Our criticism of the 80% claim should in no way undermine decades of effort by Indigenous Peoples’ organizations and others to influence international biodiversity and climate policy. Nor should it detract from the essential and verifiably considerable part that Indigenous Peoples play in the conservation of the planet’s biodiversity. For example, a 2018 analysis13 led by one of us (S.T.G.) indicated that, at the time, Indigenous Peoples managed or held tenure rights over more than one-quarter of Earth’s terrestrial surface — land that intersected with at least 37% of the remaining natural lands worldwide (see ‘Fact, not fiction’).
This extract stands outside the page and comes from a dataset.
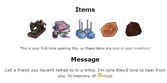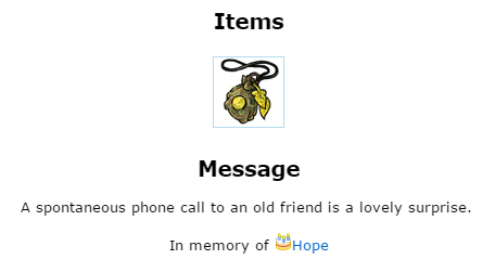 Still traveling (just finally with 4g again) so I can't copy/paste the lovely gifts and but what a perfect way to honor such a loving and generous person. Thank you for the waem thoughts and gifts ;___;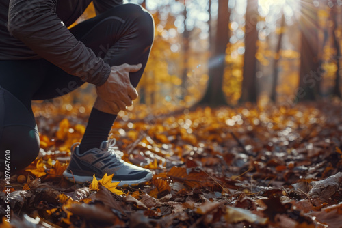 runner, pain, leg, autumn, exercise, jogging, forest, fallen leaves, sunlight, nature, outdoors, injury, kneeling, physical exercise, fitness, running, fall, seasonal, sport, training, trail, endurance, healthy lifestyle, active, foliage, natural light, recovery, athletic, scenery, knee, autumn color, park, physical activity, stretching, autumn leaf, cardio, warmup, activewear

Subsequent studies have shown that Indigenous Peoples’ lands include more than one-third of the world’s intact forest landscapes (forest ecosystems that show little sign of habitat conversion or fragmentation)1,2,14,15. And around 60% of all terrestrial mammals for which reliable habitat data exist (comprising more than 2,500 species) have more than 10% of their ranges in Indigenous Peoples’ lands16. Compared with protected areas, these lands support at least as many species (when matched for habitat type, location and so on), have fewer alien species and have retained a similar proportion of habitat2,14,15. Indeed, in the past five years, the essential roles of Indigenous Peoples in global biodiversity conservation have been recognized in numerous landmark reports3,17.
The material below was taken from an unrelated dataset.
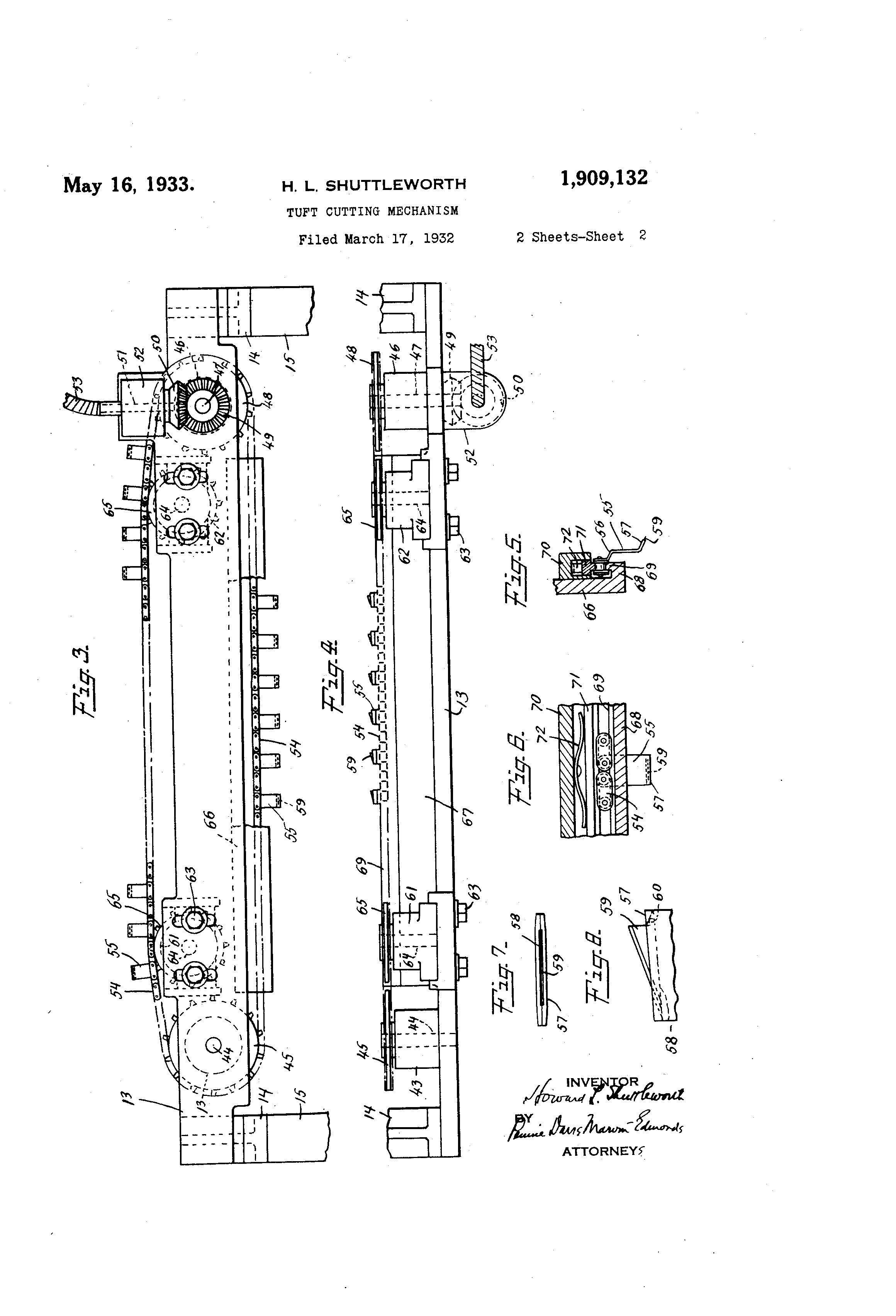 ii ectecl@ to the@ drivir@a means for the loom@, or to a sc@parate dri-%rini riiealns, such: as an e.lec-, triciiiotor. - .Achain,54isledaround,@ I pro eket Ni,heels .4-5 and@ 48 and knife holders 55 are iitouiitf-,d'@oii this chain at suitabip, iilter@vals.@ Eacli l@nife holder has a poi-tion@66 ottset from the.plaite of the eliaiii and ext@@diiiir outwai,d, bevo-n d the, chain a sul)stantial@ distance, the offset 13oi-tion termifiating. iii an end portion 57 Nvhlcli extends at@an angle to tli(,, plaii.e of the ch,-in. :The end poi-tlion hag a slot 58 in its (@dole ,ind in this slot is inounted a,knife blacle 59 of genera,lly trian,-ular @,liape. 'I'he ends of the slot ai!e underciit (@Fig- 8,) and the blade lias a projection 60 extendin- o.utwai-d from its,134se at one end, the prol@(ortions of tl@,e pai-ts beina stich that @the@ Icnife mav be iii-,@erted freely in the slot and then move(I erdwise s6 that the projection 60 li6s under ali 6verhaiigiii(, portion ,it one end of the slot ,i :n n (, i)d the @pointed end of the k ife lies tin(ler ,tn overli,,tngin(y portioii at the oth r end of e the slot. I@ no-rmal operation the movement of the eb.ain. is such@that the knives.tend to 'n be forced bv contact witli the yarns i to the locl,:iiig position; sbown in Fil-. 8 a@nd (..,9,llllot escape from their holden. TO maintain the chain taiit, the bar 13 is prov.ided@ at each end with adjustable bearings 61, 62 attached to @the bar by bolts 63 @viiieh pass@throi-igh slots in the bar. , In each of the, bearing@s 61 and 62 are shafts 64 carrviii idler sprocket wheels 65 which bear .1 9 ao,ainst the ebain and may be adjusted to "@eep it as taut as desired. Since'the 1,-nives d move in a s shoiil traight line dur,,ng the cutting, operation and thus cut the tufts at a, iini 'f orm height, the I)ott4om portion of the chain which carries those knives which take part in the actual cutt,ing operation: is guided so that it:will not sag,, and for this purpose a bar 66 is attached to @the angle portion 67 of I)ar 13, @ t-he bar 66 having a portion 68 -Nvhi ch underl.ies the lower stretch of the chain and terminates in an upstanding flange 69, the upper surface of which is ma4@hined and provides a si-ipport for the chain. Means are provided for maintaini;ig the e-hain in close contact with the su.rf ace@ of fla,nge 69, the means i.neluding a channeled @bar 70 detachably coiinected to bar 66 and lying above the ch,iiii "Iitb the ebannel facing the @chain. In the channel is disposed a vertically movable b,,ir 71 which, bears against@the chain and i.9 forced into contact therewith by leaf springs 72 seciired in the bottom of the channel@ and beariii,- against the upper surface, of bar 71. With@ thi-,@ arrangemeiit, the lower stretch of tlie chain which carries the knives which perf orm the cuttinaction at any instant i s@ stinported on the machined surface of flange 69 ,tnd is h d in contact ith th t surface by el w a tli e bar 71 resiliently forced against the chain, in the operation of the deviQ6, the. arms nt:knife@supc, 15.which ma-@ constitute thtfro ports: of. @a'n ordiiiai-y,-t@ft shearitio,, me n chanism are swung to advance the new cutting mechanism@ toward the yams which @are to be, @ut@. At the san-ie@ time, the back support 31 is advanced @so that its forward@ edge, en-. 70 - ages the varn above,the poiiits where the cutting is to take place. The chain oii which the -kni..fe blades are mo@nt@d always riins in tho sime dir@ction and: with either a contin'u@ oug o@ intermittent movement. As the cut- 7'5 ting,me@hanism a.pproaches the Yarns, the blades in the holders on the lower stretch of the chain eventually -como into contact with land sever th@ yar@ ends. :Since @ the blade holders 57 are inclined at an angle to the pl@,ne@6f i m6vement of @ the chain: and these holders lie@at a stibstantial distaiice beyond and at one side of 'the chain the knives can be brought down@ close to @ the, plane of the fabri@ so thai@ the pile: of the fabric is very short,, the now mechanism permitting, the tufts@tobe@cut uchmorecloselytlianispos-. m sible with the types of cutting mechanism heretofore used. The total weight of the cutting @mechan's I m is much leqs: than that of the @recipro@cating front knife of the shearing type of cutting inechanism :and; the new mechanism ca;n, therefore, be. operated at higher s eeds withp out producing undue,vibration. By reagon of.,the manner in. which-, the etitting blade.,,, are supported,, the pile is cut unif ormly across the fabric regardless of the width ;of, the looi-n, and no; (Tifficulties are encountered due to sagging or,benditig a@ in t-he@ case of the ea ng n.ives. sh ri k Also, the small knife blades 6f' the present@ cutting mpxhanism can be quickly removed and replaced so that thibre is little or no time lost in the operati6n of the loom in@ keeping:the cutting mechanisni in IDS pro@er:condition. , I claim, 1. Iii a, loom for weavino, 1)ile fabrics, the combination of means, for inserting in the, fabric pile varns drawn from a source of sup- 1'10 ply, and means for severing said yarns between the fabric and the, source o@ supply, said severing means comprising an endl(!Ss travelin g member moving continuously in one direction and knives carried thereby, said 115 me.mber and knives lying ati one side of the, gr6up of yarns to be cut, and a, smpport on'the other side' of the group of yarns for holdin@ them while they are being cut@. 2. In a loom, for weaving- pile fabrics, the, 120 combina tion of means for inserting in the fabric pile yarris.drawn fiom @a@source of stipply, a@id n-ieans for severing said variis be@ tween the fabric' and tho- source of supply, 125 said severing means: comprisiiig an endless travelin g member mo ving contintiously in on6- direction aiid, carrying knives, and a niountiiijr for the@ meniber movable t b 0 ring said knives into and. out of opetati-%,e position relative to the yarns to be cut. 4 1,909,132 3. In a loom for wea,ving pil

On the contrary, our concern is that the 80% claim could undermine these and other rigorous studies — as well as effective efforts to conserve biodiversity by Indigenous Peoples on the ground. Putting aside the fundamental problems with this specific statistic, trying to assign a numerical value to biodiversity on Indigenous Peoples’ territories fails to represent Indigenous values and world views in a meaningful way.
The integral connections between Indigenous Peoples and their lands, seas and resources help to conserve biodiversity worldwide in varied ways3,17. This is apparent from scholarship that draws on Indigenous Knowledge across cultures, from oral narratives passed down through generations, and from cultural practices to manage biodiversity17. Assessing the impact of Indigenous Peoples on the safeguarding of biodiversity requires taking into account the many complex interrelations between humans and non-human nature, not just the number of species and ecosystems in a region.
The implicit assumption behind the 80% claim is that the characterization of biodiversity is complete. Indeed, the implied certainty suggests that Indigenous scholarship and Indigenous Knowledge systems might not be needed to improve understanding of the state of biodiversity on Indigenous Peoples’ lands and in their seas. Although Indigenous Knowledge holders and scholars have long understood the importance of Indigenous governance for the stewardship of biodiversity, an understanding of this is only just beginning to develop among the broader public.
The global conservation community must abandon the unsupported 80% claim, and instead acknowledge more comprehensively the crucial roles of Indigenous Peoples in biodiversity conservation, restoration and stewardship. This means acting in partnership with and supporting the leadership of Indigenous Peoples, recognizing their rights to their lands and seas, and involving them as leaders or as equal partners in decision-making. It means amplifying Indigenous voices in international biodiversity and climate-change forums, and providing Indigenous Peoples with resources so that they can lead their own conservation initiatives.
Genuinely valuing and integrating the ecological knowledge of Indigenous Peoples will lead to a more just and effective approach to conserving the planet’s biodiversity.